Cottontail rabbit papillomavirus (CRPV) provides an animal model for human papillomaviruses associated with a high risk of cancer development. So far, nothing is known about the transforming functions of CRPV genes because of the lack of an assay system. We have recently developed two systems to assay for CRPV transforming functions. One is based on the finding that transformation of NIH 3T3 cells by CRPV is considerably increased by deleting sequences in open reading frame L2. The second one is based on the use of a cottontail rabbit skin epithelial cell line, sf1Ep (C. Meyers and F. O. Wettstein, Virology 181:637-646, 1991). Mutations were introduced which abolished expression of the full-length E6 protein (LE6), the short E6 protein (SE6) initiated at the second ATG of E6, the E7 protein, or the E5 protein. Mutations affecting LE6 or E7, but not SE6, reduced transformation of NIH 3T3 and sf1Ep cells.
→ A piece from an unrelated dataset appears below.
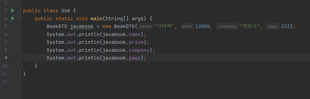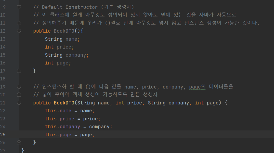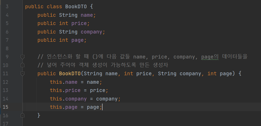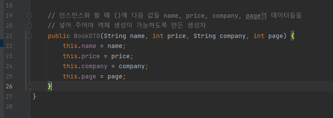 그리고 BookDTO(String name, int price, String company, int page) 파라미터값이 존재하는 생성자가 있습니다.
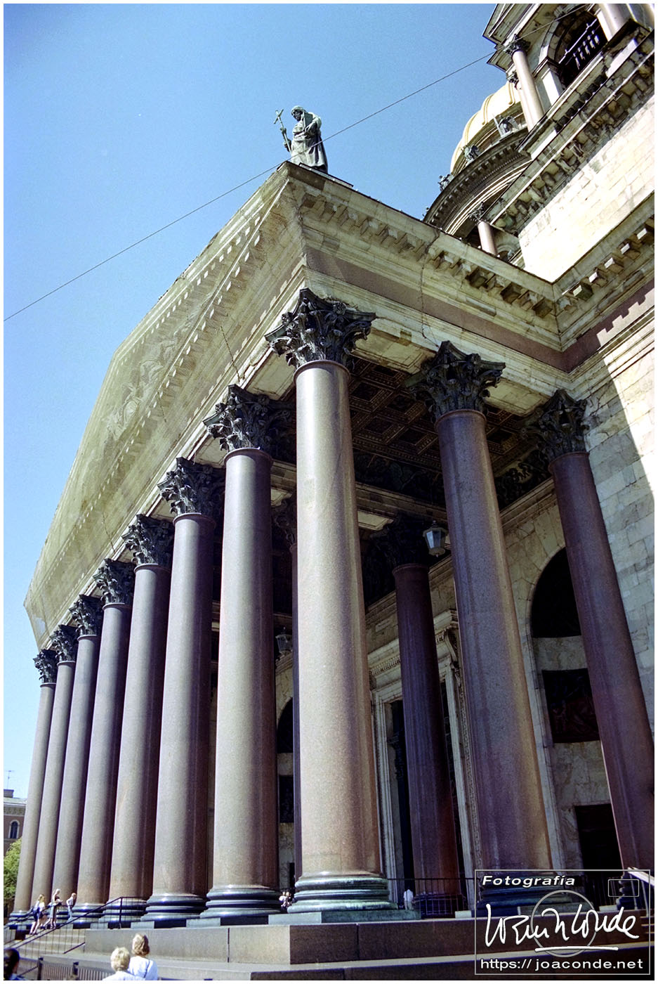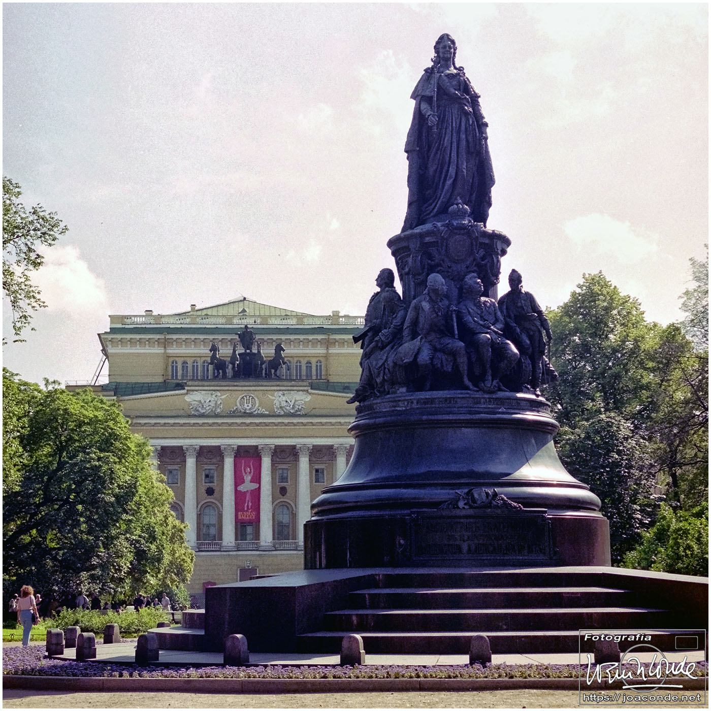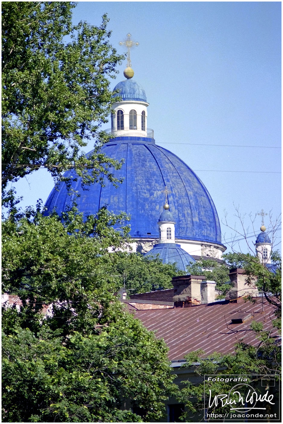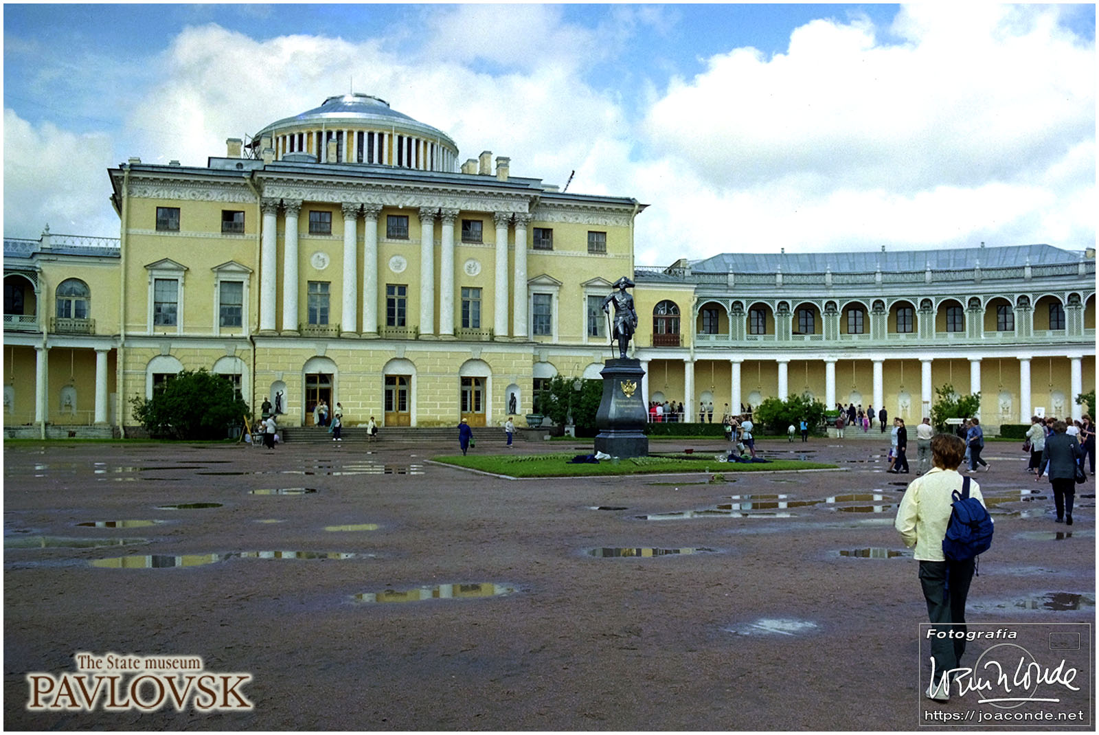 Salimos de San Petersburgo hacia el sureste, al Palacio de Pavlovsk, construido para el zar Pablo I, hijo de Catalina la Grande. Cada vez que entrábamos o salíamos de la ciudad veíamos el Monumento a los Defensores Heroicos de Leningrado. Volvimos al centro a comer, en un restaurante uzbeco. Por la tarde fuimos de nuevo a San Salvador a hacer unas fotos de los frescos; estaba prohibido pero un chico me ayudó tosiendo para que no se escuchara el clic de la cámara 😅. También estuve de tiendas comprando una Lomo 6 x 6 usada. Y a las once de la «noche» salimos en un coche cama hacia Moscú.

Transformed NIH 3T3 cell lines with mutations in LE6 and E7 did not grow in soft agar, while those with mutations in SE6 and E5 grew with a reduced efficiency. The cell lines with mutations in LE6, SE6, or E7 still did induce tumors in nude mice. These mutations, however, abolished the ability to induce papillomas in rabbits. When expressed individually with a retroviral vector, LE6, SE6, or E7, but not E5, conferred anchorage-independent growth. The level of viral protein expression in these cell lines was generally low, and a comparison of the abundance of virus-specific mRNA showed that cell lines contained 20 to 50 times less mRNA than a cottontail rabbit papilloma. These data demonstrate that CRPV encodes at least three transforming proteins.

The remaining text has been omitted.